‘The History and Music of Benjamin Franklin’s
Colonial America’ at TAMIU, Feb. 20
Texas A&M International University hosts “The History and Music of Benjamin Franklin’s Colonial America,” Sunday, Feb. 20 at 3 p.m. in the TAMIU Center for the Fine and Performing Arts Recital Hall.
The innovative program will feature Norman Rockwell’s “Poor Richard’s Almanac” Suite, historian and author John Micklos, Jr., glass armonica instrument master William Zeitler, the Monte Vista String Quartet and pianist Christopher Guzman.
The presentation is made possible by TAMIU, the Lucy Meriwether Chapter of the Daughters of the American Revolution, Red Hill Society of Children of the American Revolution and Toni L. Ruiz.

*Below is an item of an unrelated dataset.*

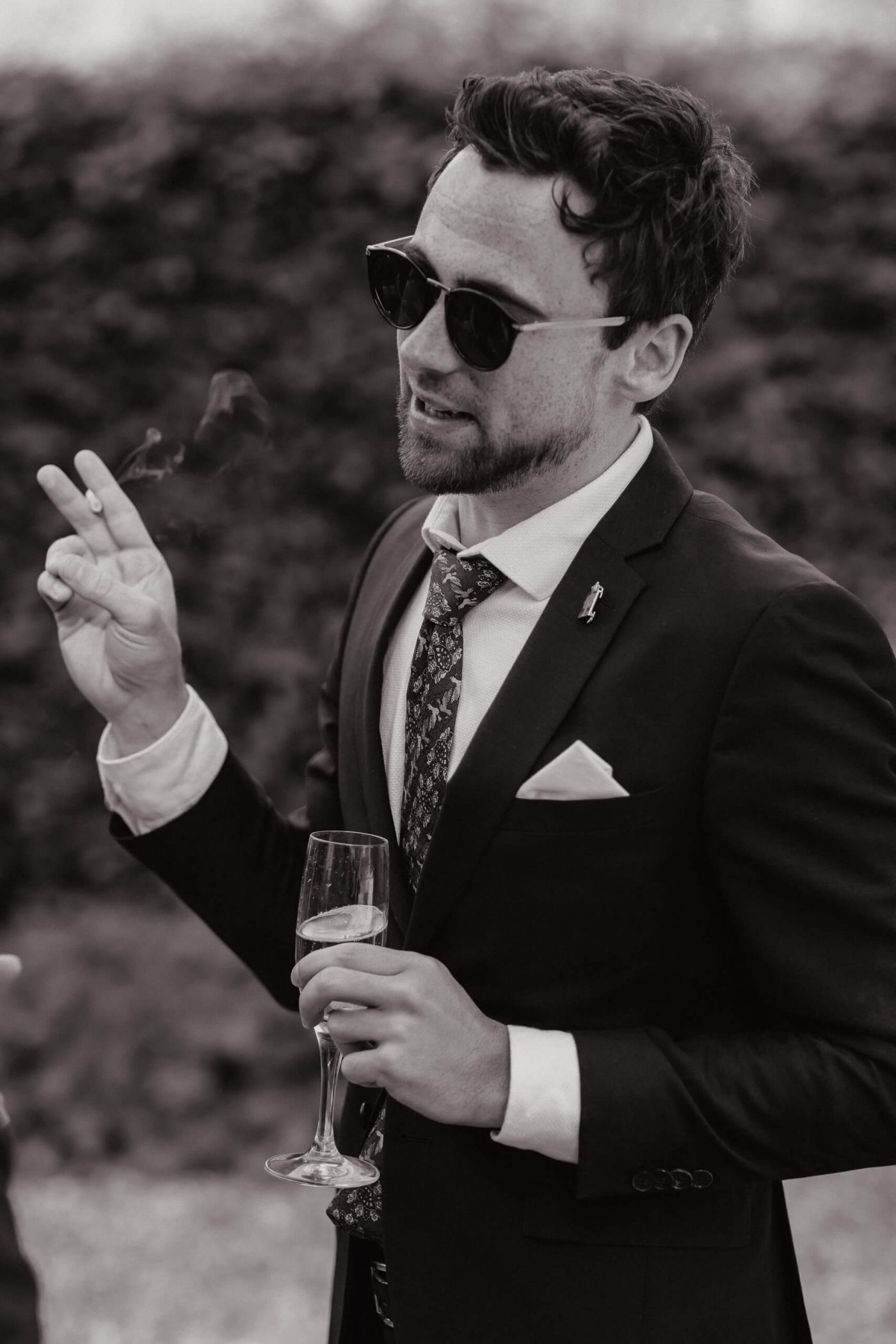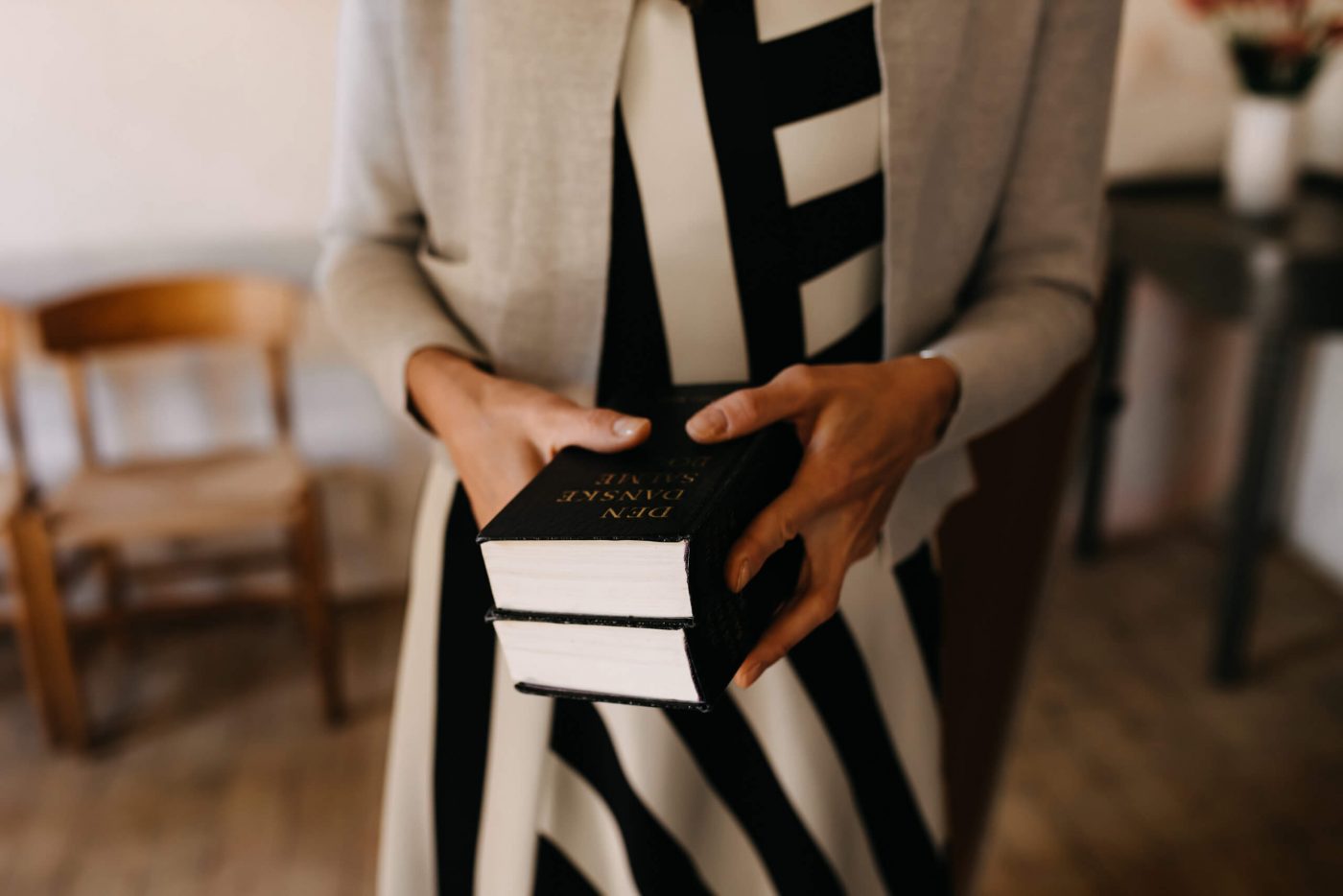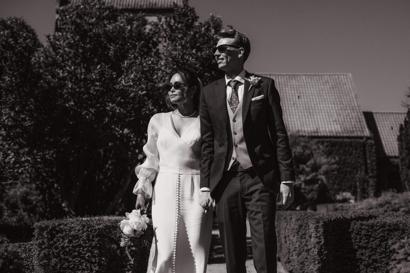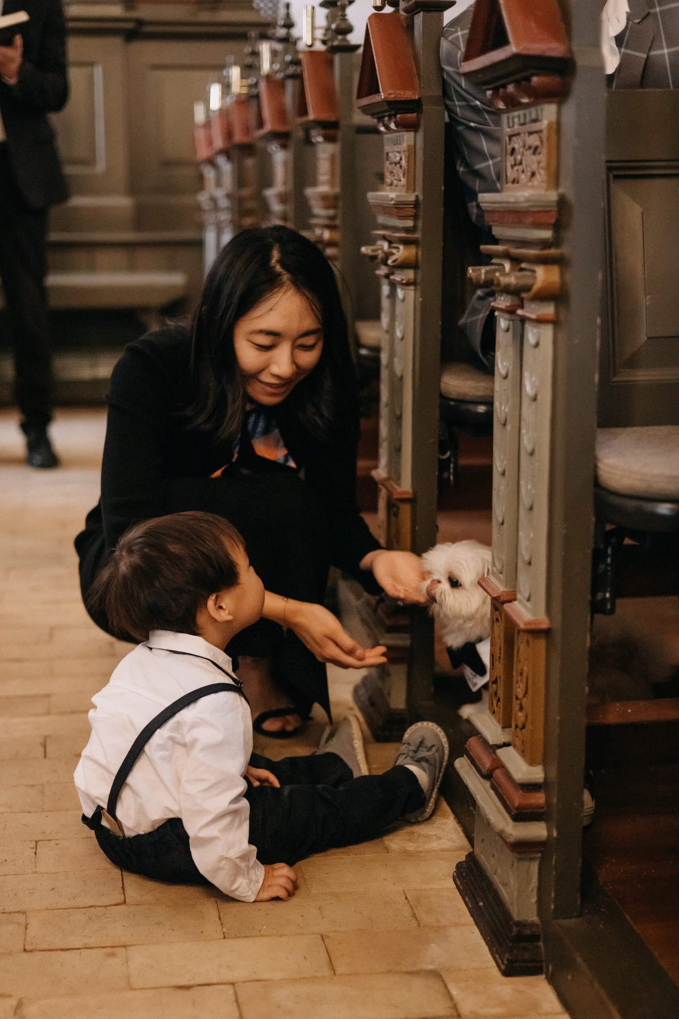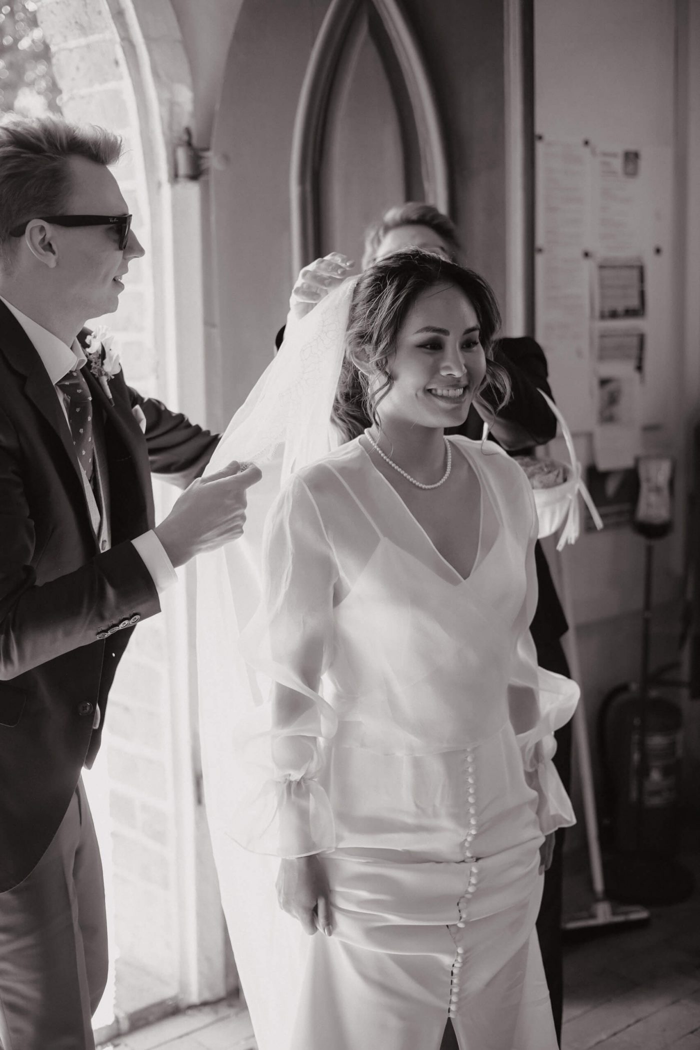 Allerslev Kirke is an exceptionally beautiful location for a wedding ceremony, situated not far from Roskilde. Guests gather near the church, eagerly awaiting the start of the ceremony. The summer sun is high, casting a warm glow under the tree canopies and inside the church, providing a pleasant coolness. Mark eagerly awaits Grace at the altar.

The musical program will include Adagio by W.A. Mozart, Melodrama from Leonore Prohaska by Ludwig Van Beethoven, Adagio and Rondo (with Quartet) by W.A. Mozart, Grave by Karl Leopold Roellig, Adagio by Joseph Aloys Schmittbaur, Dance of the Sugar Plum Fairy by P.I. Tchaikovsky, Climbing the Holy Mount (with Quartet), Vigil for a New Moon, and The Contemplation of the Grail by William Zeitler.
Benjamin Franklin is one of the nation’s most revered founding fathers. Made famous for his experiments with electricity, Franklin had a vast knowledge of music and surrounded himself with it throughout his life.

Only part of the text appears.